La jueza Niremperger rechazó la recusación por supuesta parcialidad en la causa del robo de cocaína

La jueza federal de Garantías de Resistencia N°1, Zunilda Niremperger, rechazó in limine la recusación presentada por la defensa de uno de los imputados en la causa que investiga el presunto robo de cocaína durante un operativo de incineración en Colonia Benítez. El planteo había sido formulado por los abogados Miguel Ángel Barceló y Macarena Barceló Fogar, quienes invocaron un supuesto “temor fundado de parcialidad” por el reconocimiento de intercambios vía redes sociales entre la magistrada y uno de los acusados.
La resolución fue dictada el 30 de diciembre de 2025, en el marco del incidente N°1 del expediente 10726/2025, que se tramita ante el Juzgado Federal de Garantías Resistencia N°1, y dejó firme la continuidad de Niremperger al frente del proceso.
Por qué la recusación fue rechazada
La jueza sostuvo que el planteo fue manifiestamente extemporáneo. Recordó que, antes de celebrarse la primera audiencia de formalización de la investigación, puso expresamente en conocimiento de todas las partes que había mantenido, de manera eventual, conversaciones por redes sociales con uno de los imputados, aclarando que se trataba de interacciones estrictamente sociales y sin entidad para comprometer la imparcialidad judicial.
Ese dato,subrayó, fue informado en cumplimiento de un deber ético y de transparencia, habilitando a las defensas a formular las observaciones o recusaciones que estimaran pertinentes. Sin embargo, durante la audiencia de formalización, control de detención y tratamiento de la prisión preventiva, ninguna de las partes objetó su intervención ni dedujo recusación alguna, consintiendo de ese modo la continuidad de la actuación jurisdiccional.
La magistrada enfatizó que recién después de dictadas resoluciones sustanciales en la causa, y tras un cambio en la defensa técnica del imputado Gustavo Andrés Quizama, se intentó reactivar la recusación sobre un hecho que ya era conocido desde el inicio del proceso.
La clave: el plazo y la preclusión
Niremperger fundamentó su decisión en el artículo 62 del Código Procesal Penal Federal, que establece un plazo breve y perentorio para recusar, precisamente para evitar que circunstancias conocidas desde el inicio del proceso sean utilizadas de manera tardía con fines estratégicos o dilatorios.

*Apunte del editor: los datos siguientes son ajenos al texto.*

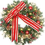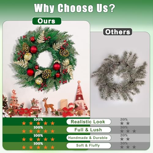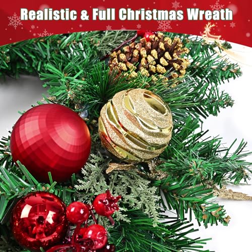 Full & Abundant Christmas Wreath: Made of high-quality material, our Christmas wreath for front door welcomes the holiday spirit with luscious ornaments, vivid red berries, lifelike pine cones and glittering leaves. The natural branches artfully arranged on wreath base, each handcrafted wreath dazzles with a red bow, creating a heartwarming display.
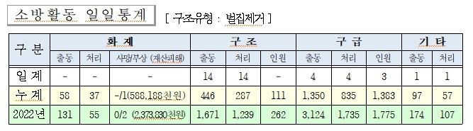 ○ 구조 14건(벌집 14)
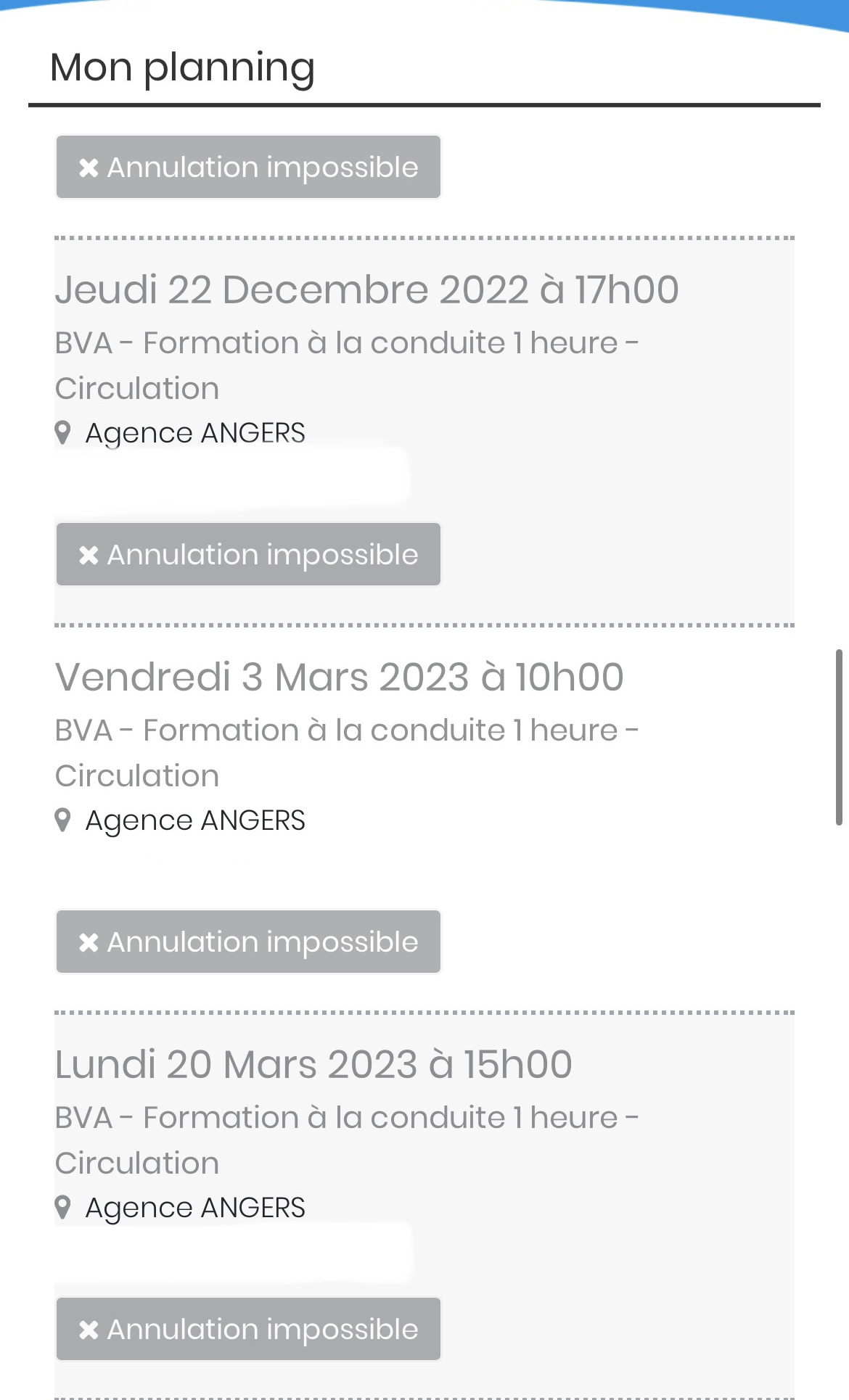 ATTENTION VOLEURS J’ai payé un forfait chez eux , de 13h de conduite pour un permis boîte auto. Je leur ai envoyé un courrier en recommandé en leur disant que j’avais déménagé … regardez bien les avis je ne suis pas la seule. Sachant que je leur ai quand même payé des frais d’ouverture de dossier et de code que je n’ai pas effectué chez eux (donc benef pour eux) mais ils ont répondu aux absents quant aux 13h de conduitee payées non effectuées ! Ils font l’autruche , je ne vous les conseille pas . En plus de ça, ils ne vous donnent absolument aucune trace écrite , s’efforcent d’effacer votre espace client dès que vous leur posez la moindre question. Ils sont malhonnêtes ! Merci pour votre réponse. J’ai obtenu mon code , là n’est pas le problème , je parle des 13h de conduites payées ! Plutôt que de supprimer mon dossier, vous auriez pu logiquement me proposer un avoir ou un remboursement ? Faites preuve de bonne foi et ne déplacez pas le problème.
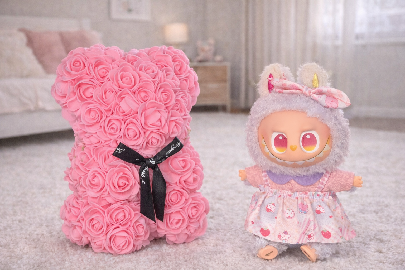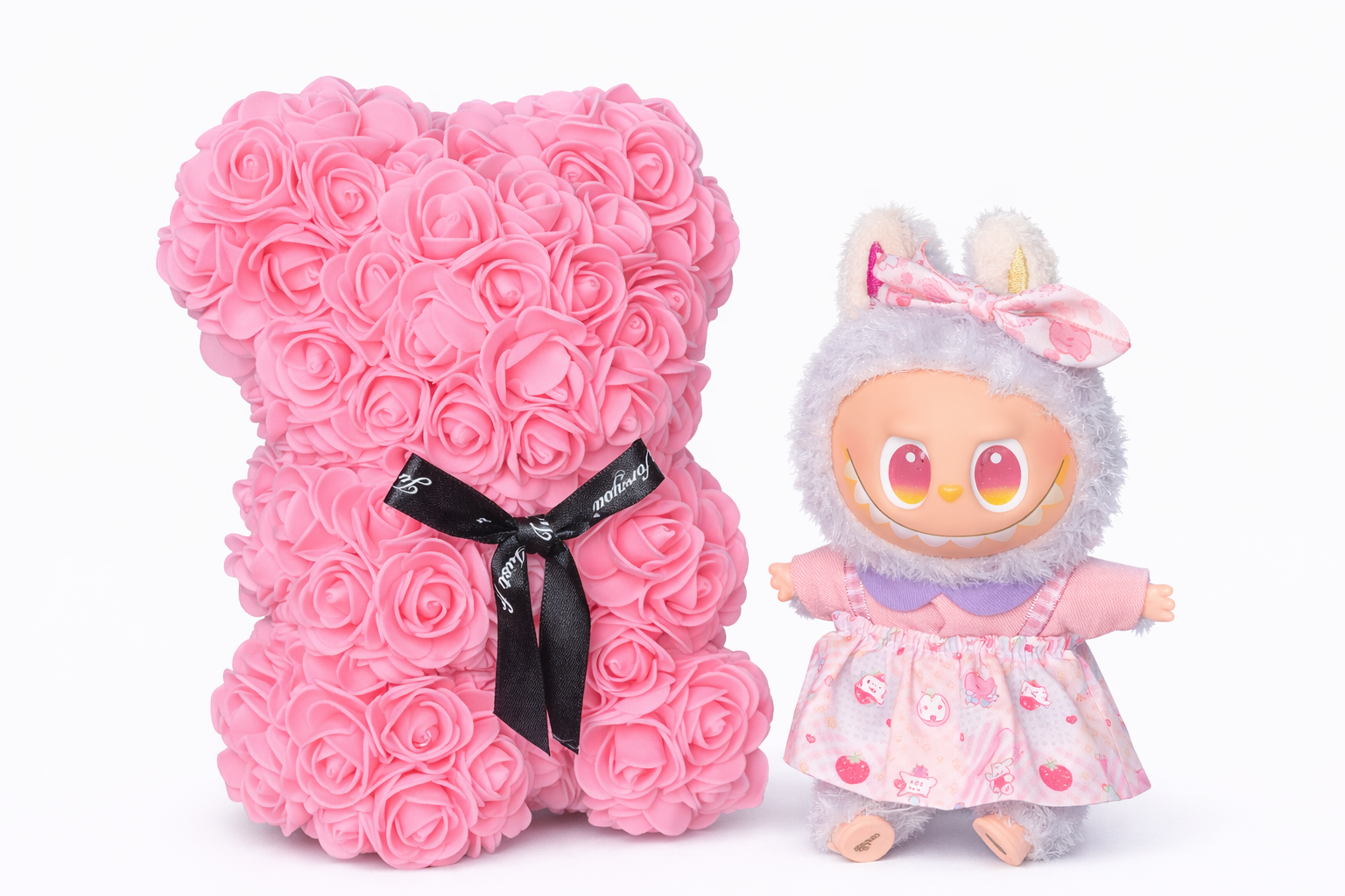 Cadou Labubu si Ursulet din Trandafiri 25cm cu Flori de Spuma, in Cutie Transparenta 30x17cm - roz

“El derecho a recusar, una vez extinguido por el transcurso del plazo legal sin ejercicio, no puede renacer por un cambio de defensa o de estrategia”, señaló la jueza, quien remarcó que la función defensiva es institucional y continua, y que el nuevo abogado asume la causa con las cargas y consecuencias de los actos y omisiones ya producidos.
Admitir la recusación fuera de término, advirtió, mplicaría desconocer el principio de preclusión, afectar la estabilidad del proceso y desnaturalizar el régimen legal de recusaciones.
Sin causal objetiva de parcialidad
Aun cuando consideró suficiente la extemporaneidad para rechazar el planteo, la magistrada fue más allá y sostuvo que, en cualquier caso, los motivos invocados no encuadran en ninguna de las causales previstas en el artículo 60 del CPPF. En particular, aclaró que el reconocimiento de intercambios circunstanciales por redes sociales no configura una relación de amistad íntima ni un vínculo personal o afectivo capaz de comprometer la independencia judicial.
Por el contrario, destacó que haber informado espontáneamente esa situación refuerza la garantía de imparcialidad, al transparentar un dato que, aun careciendo de relevancia jurídica, fue puesto a consideración de las partes.
El contexto del caso
La recusación se inscribió en la causa que investiga el presunto desvío de estupefacientes durante el procedimiento oficial de incineración realizado el 18 de diciembre en el polígono de tiro de la Policía del Chaco, en Colonia Benítez. Según la imputación provisoria, se habría intentado sustraer cocaína destinada a quema y reemplazarla por un “ladrillo” simulado de yeso.
El Ministerio Público Fiscal, a cargo de Patricio Sabadini, atribuyó inicialmente la sustracción de 9,49 kilogramos de cocaína —valuados en unos USD 15.000 por kilo— y encuadró los hechos como tenencia de estupefacientes con fines de comercialización y peculado, en calidad de coautores, por tratarse de funcionarios públicos en un procedimiento bajo custodia estatal.
En su parte resolutiva, Niremperger rechazó in limine la recusación por extemporánea e improcedente, declaró que no correspondía sustanciar ni correr traslado del planteo y ratificó, en todos sus términos, que no existe afectación alguna a la imparcialidad judicial.